The investigation is still in the initial stages, but many local activists like Tarek Fatah do not buy this theory of mental depression . Th suspect lived in the Thorncliffe area of Toronto, an area well known for men walking the streets in shalwar kameez and women in Burkha, Nikhab or Hijab !
A total of 15 people were shot when the gunman opened fire outside a restaurant at Danforth and Logan avenues in the heart of Greektown said Toronto police Chief Mark Saunders.Saunders said the deceased woman, identified as Reese Fallon, (pictured below) was from Toronto. A 10-year-old girl from the Greater Toronto Area was also killed in the shooting, but her identity has not been released as per the family’s wishes.

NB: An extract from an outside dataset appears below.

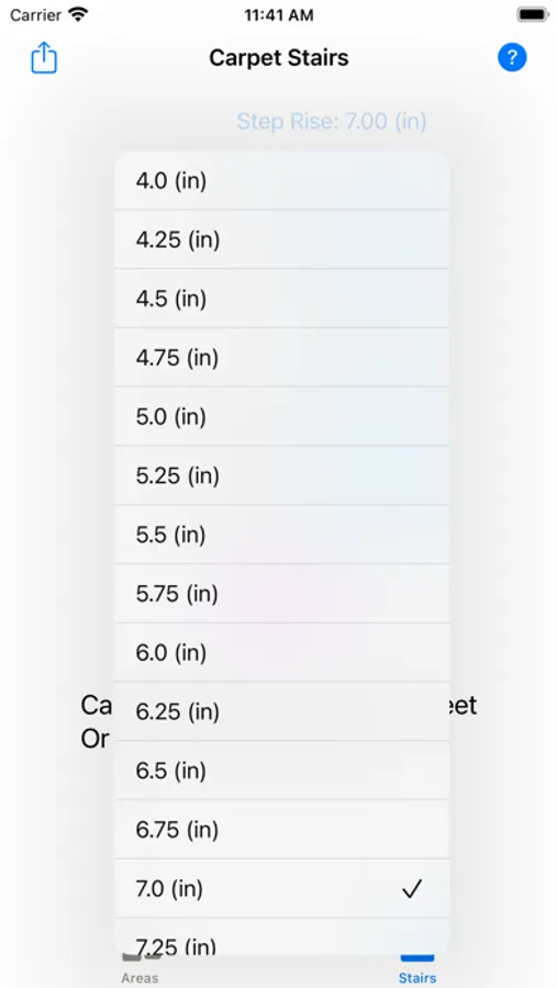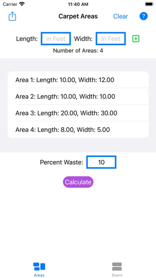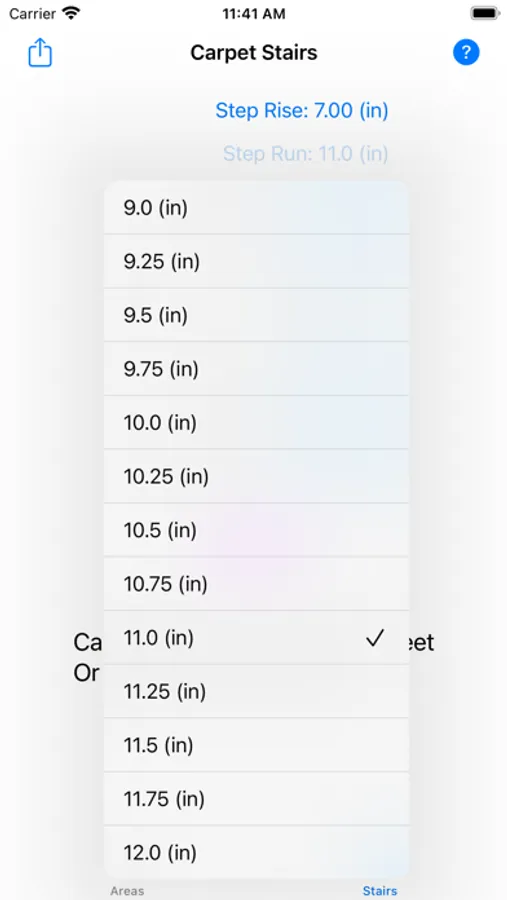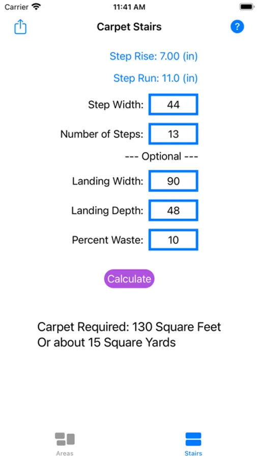 Also with a few quick entries displays the amount of new carpeting needed to cover stairs.

SIU spokesperson Monica Hudon said the shooter was involved in a brief exchange of gunfire with two Toronto police officers on Bowden Street, just south of Danforth Avenue. “He was found deceased (on Danforth Ave.) after the interaction,” she confirmed. No officers were injured.
Saunders would not speculate on what the motive may have been behind the attack, including the possibility that it may have been a terrorist incident. “I’m keeping everything open, I’m looking at absolutely every single possible motive for this,” said Saunders. “When you have this many people struck by gunfire it’s a grave concern. I certainly want to find out exactly what it is, so I’m not closing any doors or any chapters on this and I certainly don’t want to speculate as well.”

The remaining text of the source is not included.